** Given records follows **

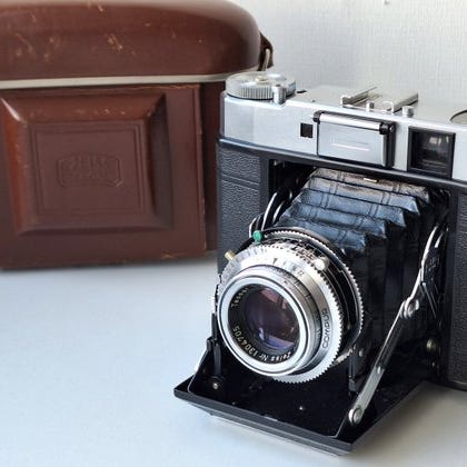 Foldbart kamera, plader i formatet 9x12 cm eller 13x18 cm. Hus i træ. Front- og fokusplanlukkere. Foldbar søger. Lysstærk søger. Standardobjektiv med to søjler.
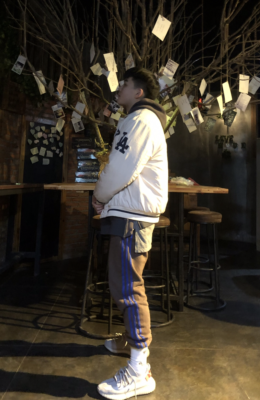 👔:棉服MLB 卫衣FOG 内搭FOG 👖:Adidas Yeezy Calasas 👟:Adidas Yeezy 350 V2尾灯
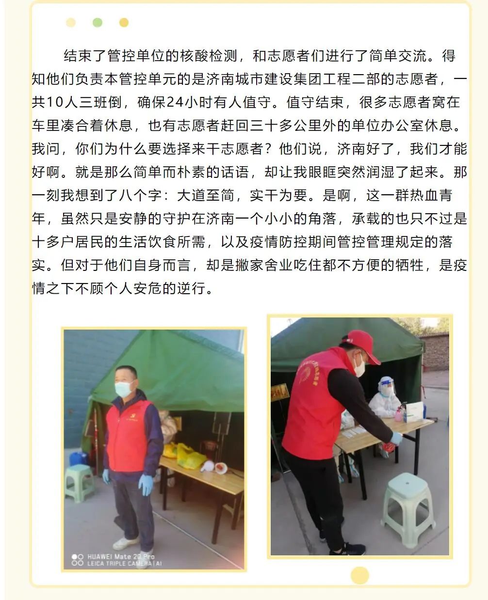 “他們說(shuō),濟(jì)南好了,我們才能好啊。簡(jiǎn)單而樸素的話語(yǔ),卻讓我眼眶突然潤(rùn)濕了起來(lái),那一刻我想到了八個(gè)字:大道至簡(jiǎn),實(shí)干為要。”近日,歷城區(qū)董家街道辦的工作人員在“愛(ài)董家”微信平臺(tái)上寫下了這樣的話,他口中的“他們”便是按照集團(tuán)統(tǒng)一部署下沉到董家街道社區(qū)的工程二部志愿者們。
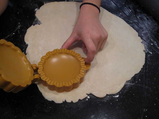 8. Use un molde de pastel de bolsillo, cortar las formas sólidas. Repita con la otra bola de masa. Tirada la masa sobrante, si es necesario y cortar formas más sólidas.
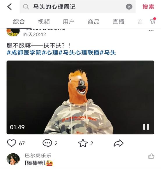 3月至5月份,团队建设了以“马头的心理周记”为题的短视频账号,拍摄了面向广大青年群众的心理宣传视频,在宣传视频中,以处处可见的生活剧情为主,讲解为辅,展现了生活中蕴藏的心理小知识。视频人设新奇,剧情有趣,内容丰富,一上线便是获得了广大员工的一致好评。通过心理短视频的宣传,同学们初步了解到了与生活现象相关的许多心理知识。
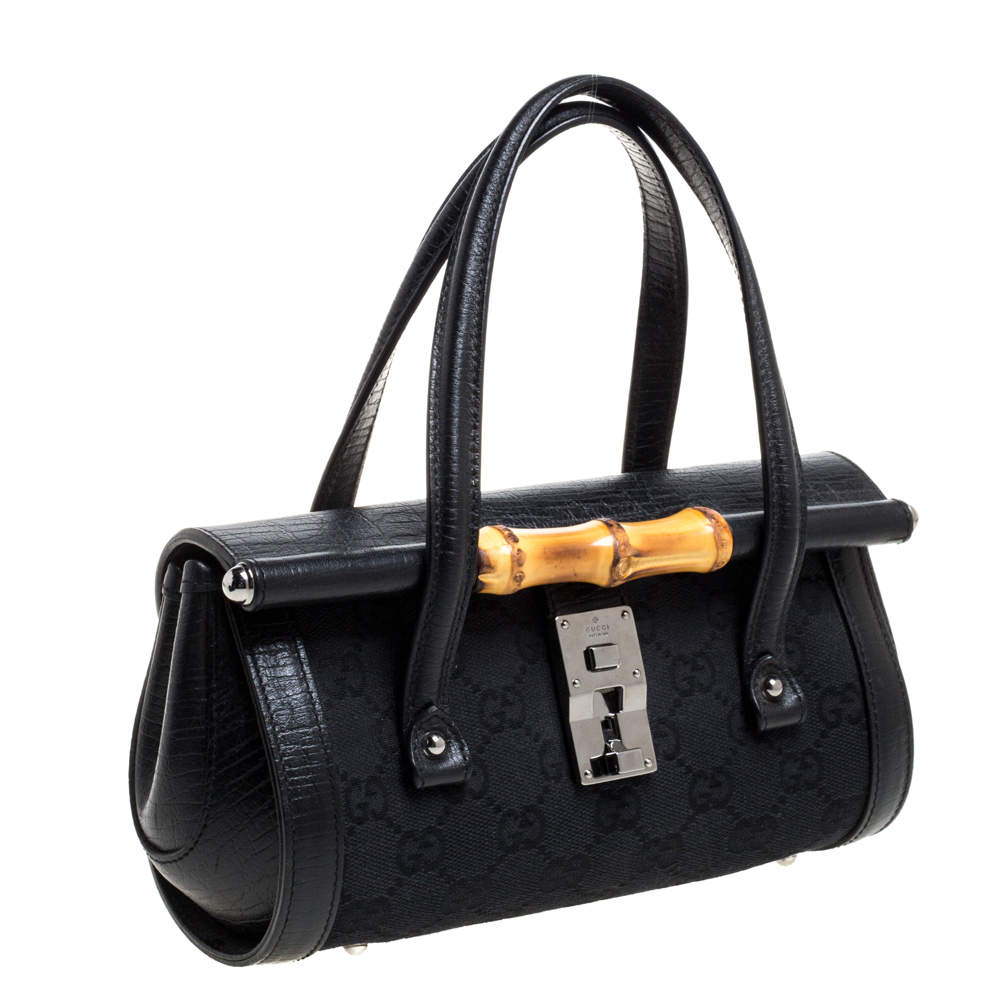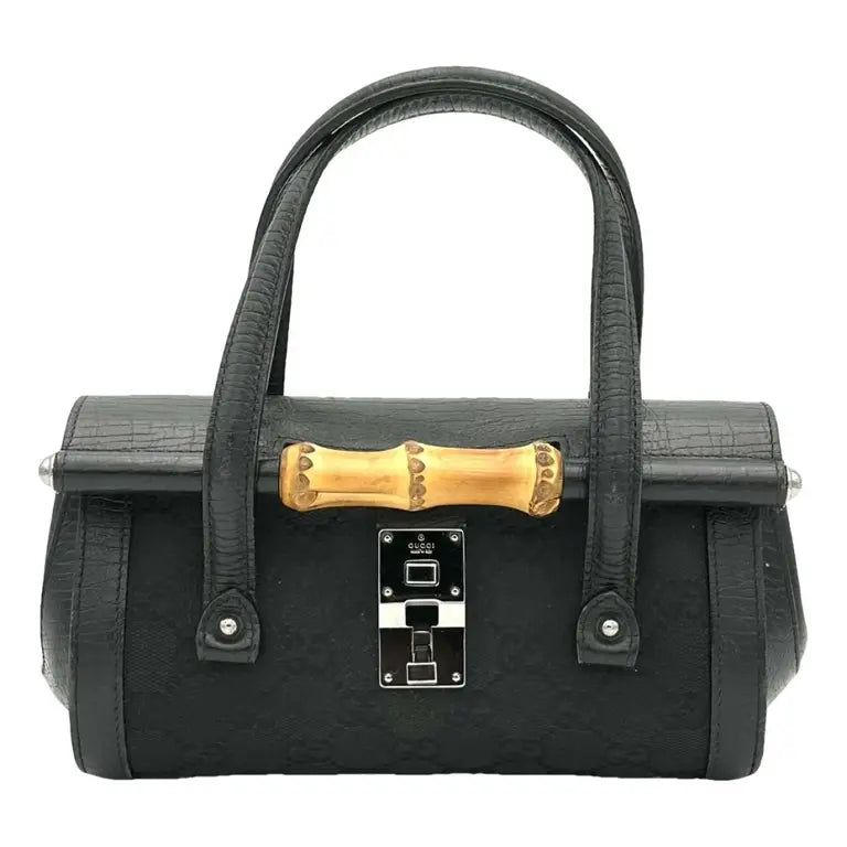 A striking blend of Heritage craftsmanship and modern edge, the Gucci Small GG Canvas Calfskin Leather Bamboo Bullet Bag is a collectible statement piece that showcases the House’s iconic codes. Crafted from classic GG Monogram canvas, this compact silhouette is accented with smooth leather trim and Gucci’s legendary bamboo hardware, sculpted and polished by hand for a distinctive finish.
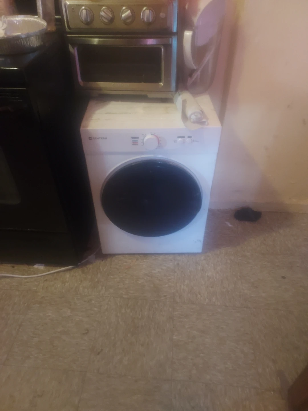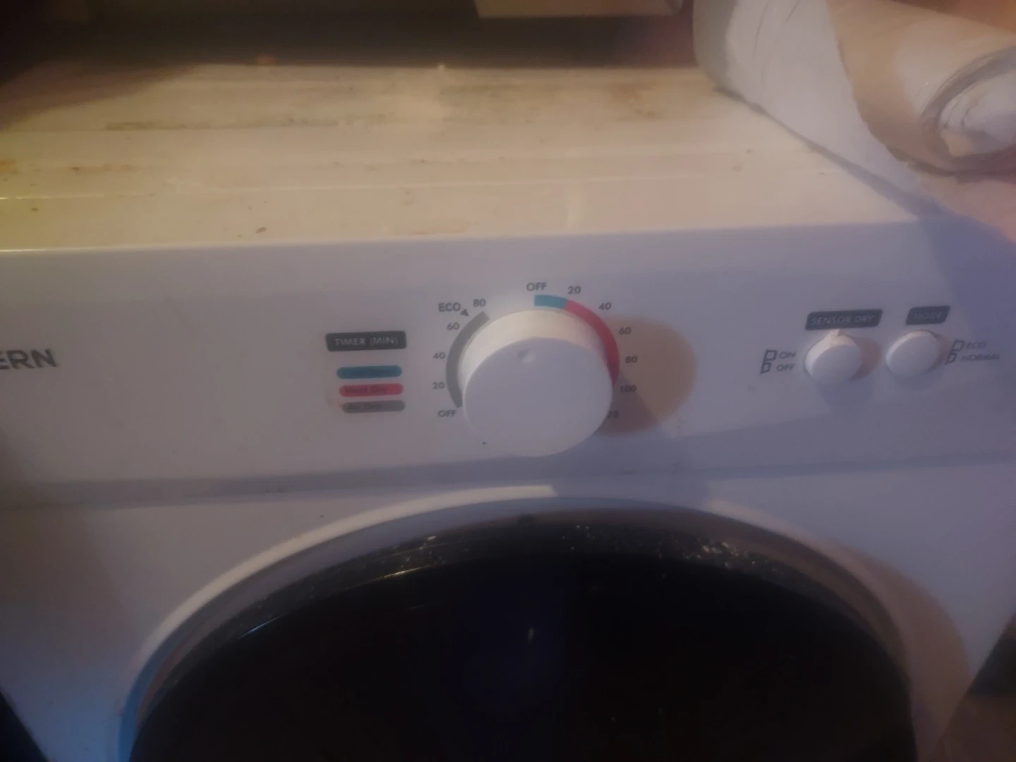 This is a Santern compact clothes dryer. It's white and has a control dial with timer and heat settings. It's a great option for small spaces!
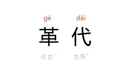 引晋 袁宏 《后汉纪·光武帝纪七》:“一国不治,天下不为之乱。故时有革代之变,而无土崩之势。”《周书·静帝纪》:“籙表革代之文,星垂除旧之象。”清 袁枚 《随园随笔·术数》:“歷数 汉 唐 以来, 河 清为革代之兆。”
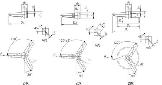 三窄葉整體旋槳式-ZHX、三窄葉可拆旋槳式-ZCX、三窄葉穩(wěn)定環(huán)旋槳式-ZWX
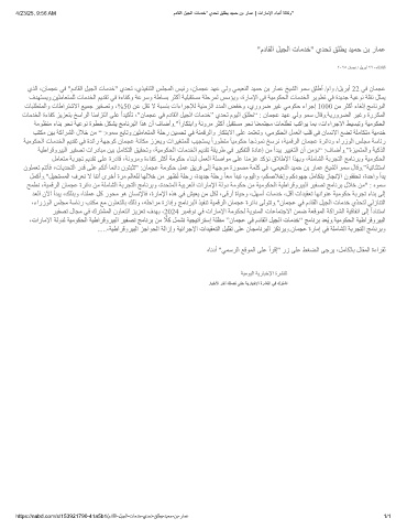 4/23/25, 9:56 AM مدﺎﻘﻟا لﯾﺟﻟا تﺎﻣدﺧ" يدﺣﺗ ﻖﻠطﯾ دﯾﻣﺣ نﺑ رﺎﻣﻋ | تارﺎﻣﻹا ءﺎﺑﻧأ ﺔﻟﺎﻛو"
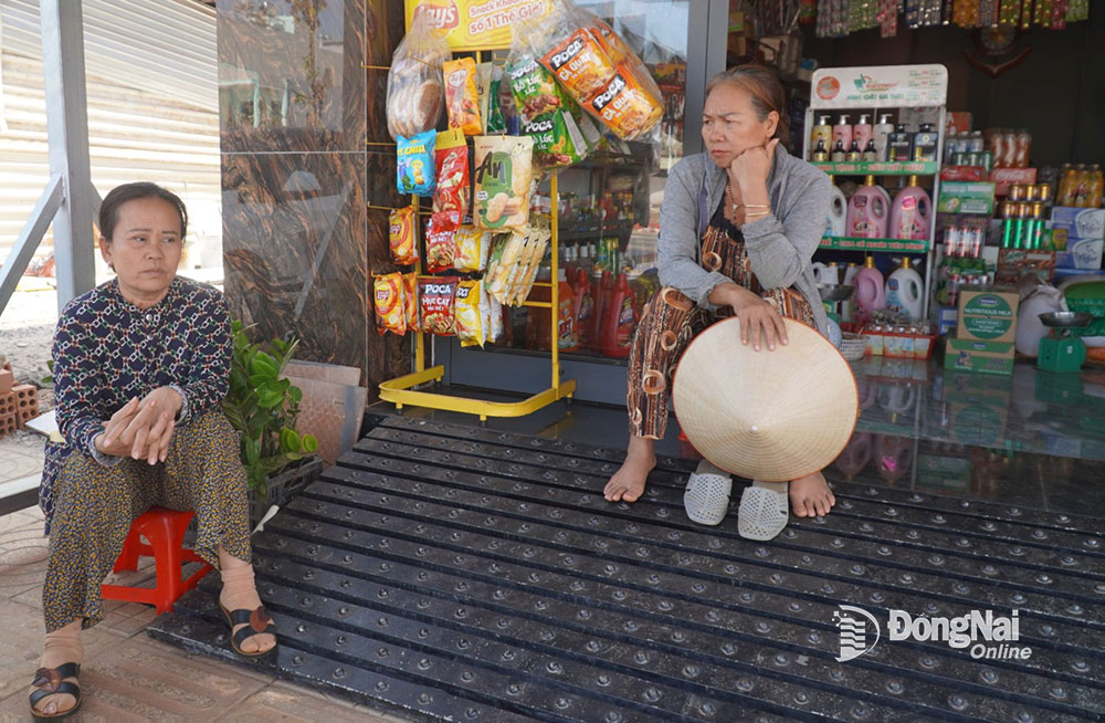 | Bà Trần Thị Mùi (bên trái) lo lắng khi quán tạp hóa, kế sinh nhai duy nhất của gia đình tại nơi ở mới khu tái định cư Lộc An - Bình Sơn ế ẩm. Ảnh: P.TÙNG |
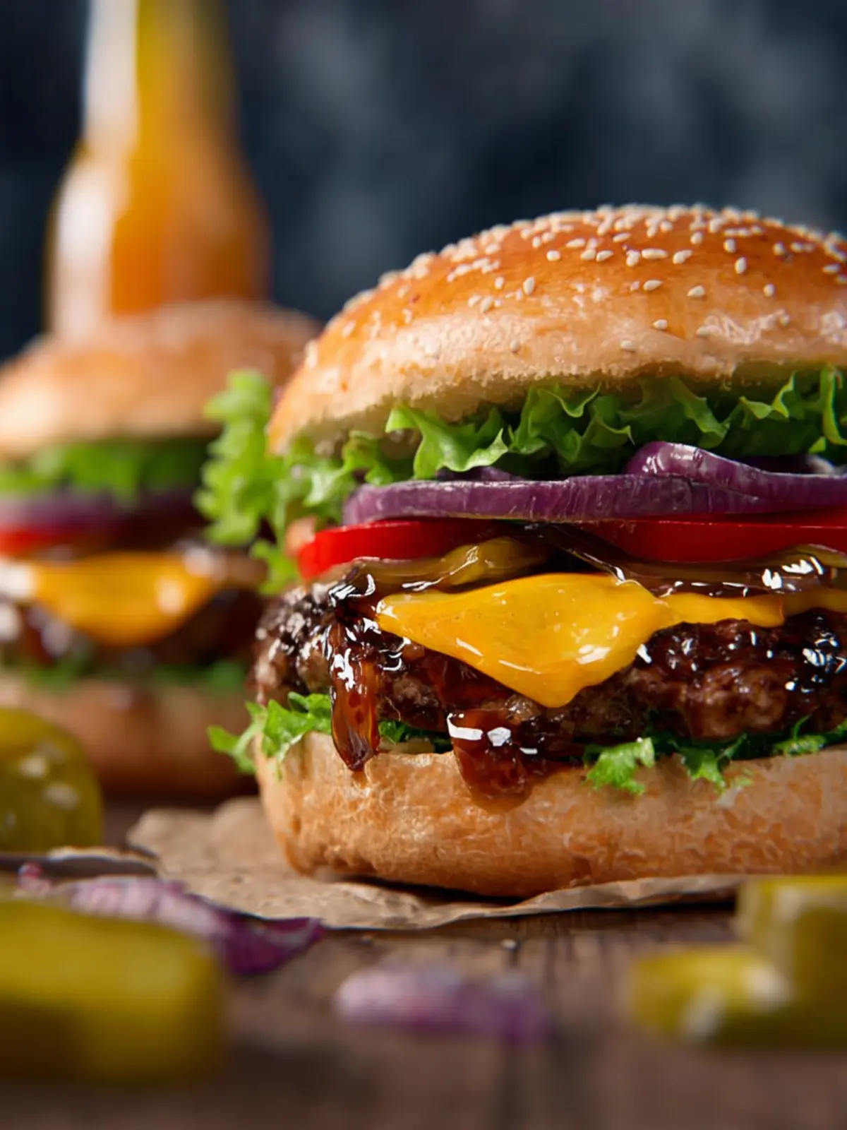 Toppings: Classic toppings like lettuce, tomatoes, pickles, and onion add crunch and freshness. Feel free to spice it up with your favorite sauces or a special secret sauce to make the burger your own.

** End of Given records **

• **Task item**: Your copy should run from the line that has "4/23/25, 9:56 AM" through the last line above, exactly, with both ends in and pictures out.

• **Response area**:
 4/23/25, 9:56 AM مدﺎﻘﻟا لﯾﺟﻟا تﺎﻣدﺧ" يدﺣﺗ ﻖﻠطﯾ دﯾﻣﺣ نﺑ رﺎﻣﻋ | تارﺎﻣﻹا ءﺎﺑﻧأ ﺔﻟﺎﻛو"
 | Bà Trần Thị Mùi (bên trái) lo lắng khi quán tạp hóa, kế sinh nhai duy nhất của gia đình tại nơi ở mới khu tái định cư Lộc An - Bình Sơn ế ẩm. Ảnh: P.TÙNG |
 Toppings: Classic toppings like lettuce, tomatoes, pickles, and onion add crunch and freshness. Feel free to spice it up with your favorite sauces or a special secret sauce to make the burger your own.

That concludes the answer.